Standing up to Newark Archbishop John Myers: Opinion

NEW JERSEY
The Star-Ledger

By Star-Ledger Guest Columnist
on August 25, 2013

By Robert M. Hoatson

It was sometime in the late 1980s and I was working on my doctoral dissertation in my fifth-floor bedroom in a Hell’s Kitchen, Manhattan, walk-up occupied by the Irish Christian Brothers. I picked up a copy of the National Catholic Reporter and read a piece about a bishop from Peoria, Ill., John J. Myers, who was making a name for himself by stressing orthodoxy and recruiting large numbers of vocations to the priesthood for the Peoria diocese.

What struck me most glaringly, however, was how mean Myers was toward people who may not have lived up to his standard of Catholic teaching. It was clear from the article that Myers was on the fast track among the church hierarchy, but the faithful — some of whom were excoriated by Myers for this or that offense against supposed church teachings — did not quite know how to judge the new bishop of Peoria and found his methods less than pastoral.

It was while I was reading that article that I had a premonition that has stayed with me to this day.
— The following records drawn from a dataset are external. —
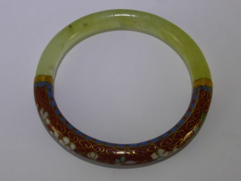 An Antique Chinese Apple Green Jade and Cloisonné Bracelet, approx 35 cms.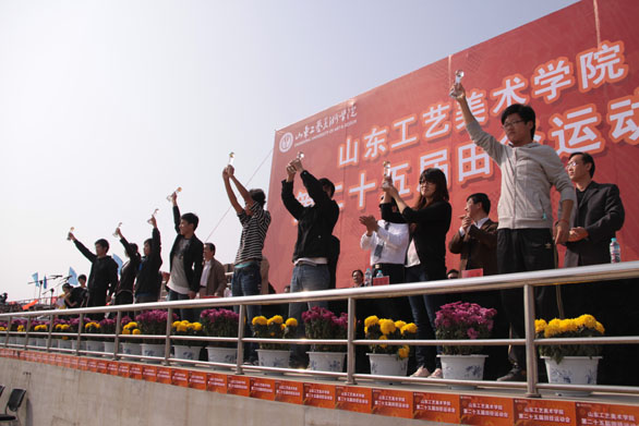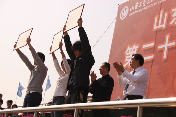 总裁判长王冬立宣读比赛成绩,在第二十五届田径运动会中,永利官网教职员工和学生积极参与,奋力拼搏,取得了良好的成绩。视觉传达设计学院2008级、建筑与景观设计学院2009级、建筑与景观设计学院2008级分别获得年纪总分前三名,视觉传达设计学院、建筑与景观设计学院、服装学院分别获得学院总分前三名。
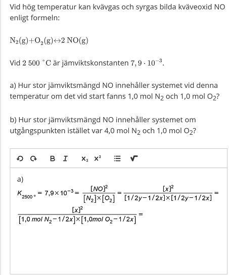 Jag försöker lösa jämviktsekvationen i fråga b, men vet ju uppenbarligen inte hur man löser ekvationer..

It was a voice — the Holy Spirit, no doubt — who communicated to me a message: “Someday, you will have to confront and stand up to this man.”
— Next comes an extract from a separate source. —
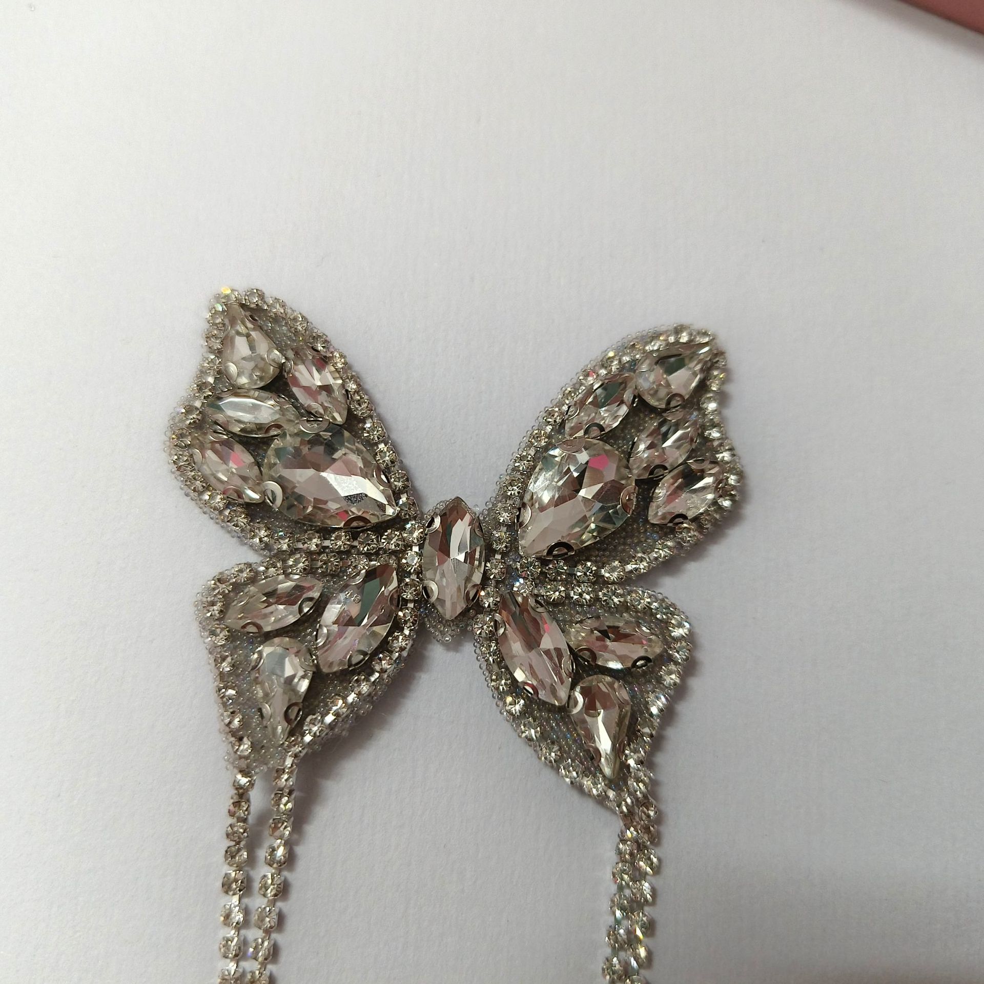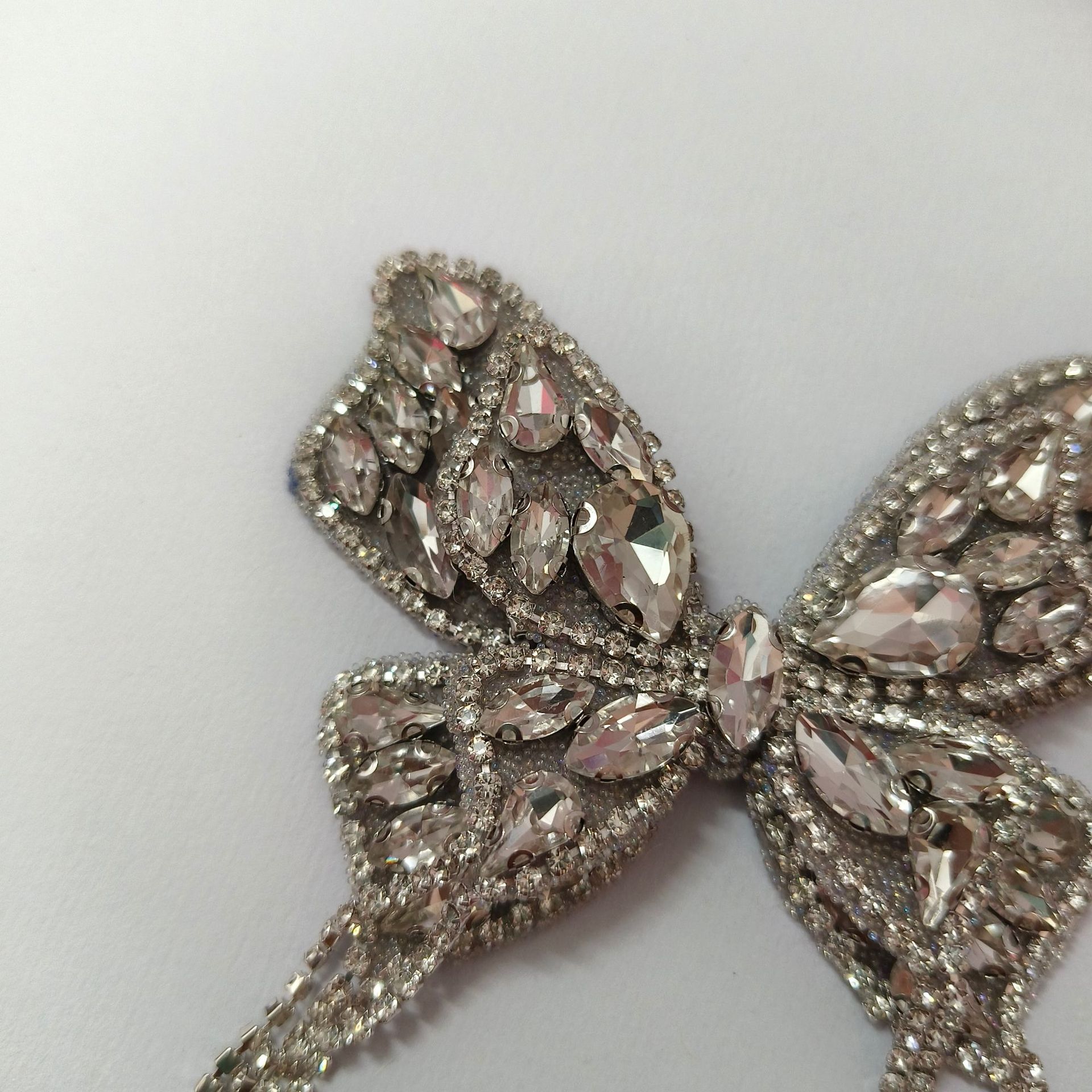 新款水钻手工串珠双层蝴蝶结布贴布服装配饰装饰配件diy补丁

Fast-forward a decade. Archbishop Theodore McCarrick of Newark had been named the archbishop of Washington, D.C., and the Newark Archdiocese was without a leader. A priest who had just been to a meeting at Newark Archdiocesan headquarters entered my office at Our Lady of Good Counsel Parish in the inner-city of Newark, where I was the director of schools, and told me that there was a strong rumor that Myers was going to be named archbishop of Newark.